AI transparency is an emerging field in machine learning that aims to open up the black box nature of AI systems. This area inspects and communicates the steps and models involved in making algorithmic decisions. 1 For ethical, legal and business reasons, stakeholders–including data scientists, engineers, and business users–need to understand what their AI system is deciding, the machine learning (ML) algorithms behind it, what assumptions it relies on, and potential implications of each assumption. While the field is nascent, Google has undertaken the Model Cards initiative to address and improve industry-wide AI transparency

Many mature industries have developed standardized methods of benchmarking various systems under different conditions…By contrast, despite the broad reach and impact of machine learning models, there are no standardized formats to report the results of [ML] tests.2


The Challenge

Trained machine learning models are increasingly used to perform high impact tasks such as determining crime recidivism rates and predicting health risks. Researchers have discovered systematic biases in commercial machine learning models used for face detection and tracking, attribute detection, criminal justice, and other applications. However, these systematic errors were only exposed after models were put into use, and negatively affected users reported their experiences.2

Subsequently, a 2019 paper by Google researchers recommended an intervention that would clarify the intended use cases of machine learning models and minimize their usage in contexts for which they are not well-suited, before the ML model is deployed.
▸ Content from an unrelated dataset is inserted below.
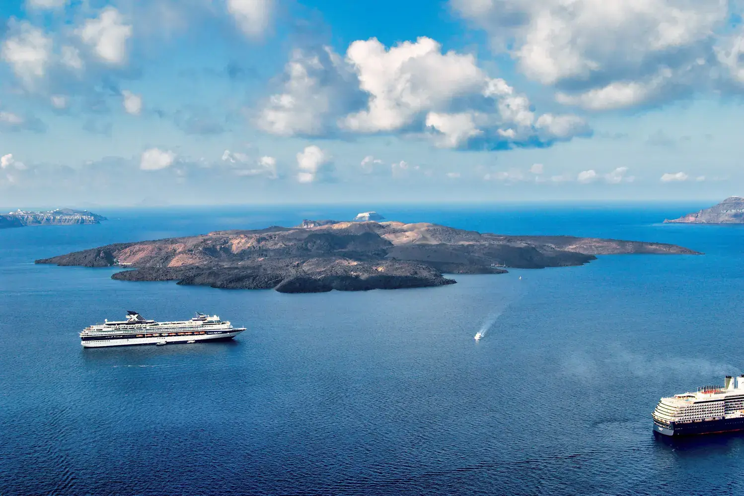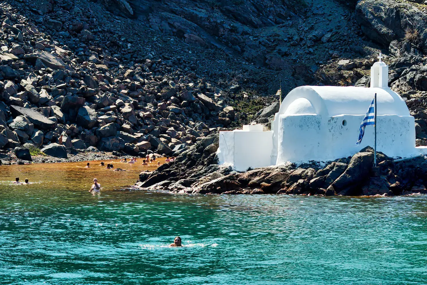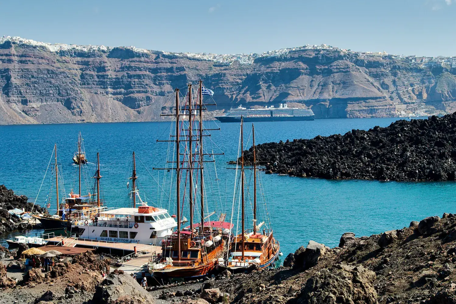 Faire une croisière dans la caldeira : Une excursion en bateau est indispensable. Elle vous mènera souvent aux sources chaudes volcaniques (près de l’îlot de Néa Kaméni), à l’île volcanique elle-même, et au village d’Thirassia.

Specifically, the team proposed a framework for ‘model cards’ to encourage data scientists and other audiences/consumers to proactively read and understand possible outcomes and implications of using specific models. Model cards are short documents accompanying trained machine learning models that provide details and results related to a variety of conditional tests. These tests may relate to cultural, demographic, or phenotypic subgroups (e.g., race, geographic location, sex, Fitzpatrick skin tone) and intersectional subgroups (e.g., age and race, or sex and Fitzpatrick skin tone) that are relevant to the intended application domains.


About the Intervention

“Model cards” use a standardized format for describing the essential facts about a machine learning model including its capabilities, limitations, performance metrics, and even ethical considerations. One of a model card’s most important functions is drawing boundaries around a model’s capabilities and limitations. How can model developers find these boundaries in a reliable, systematic way? A model’s performance can be measured in countless ways, but which are most relevant and useful? Likewise, which of a model’s potential limitations are most useful to quantify?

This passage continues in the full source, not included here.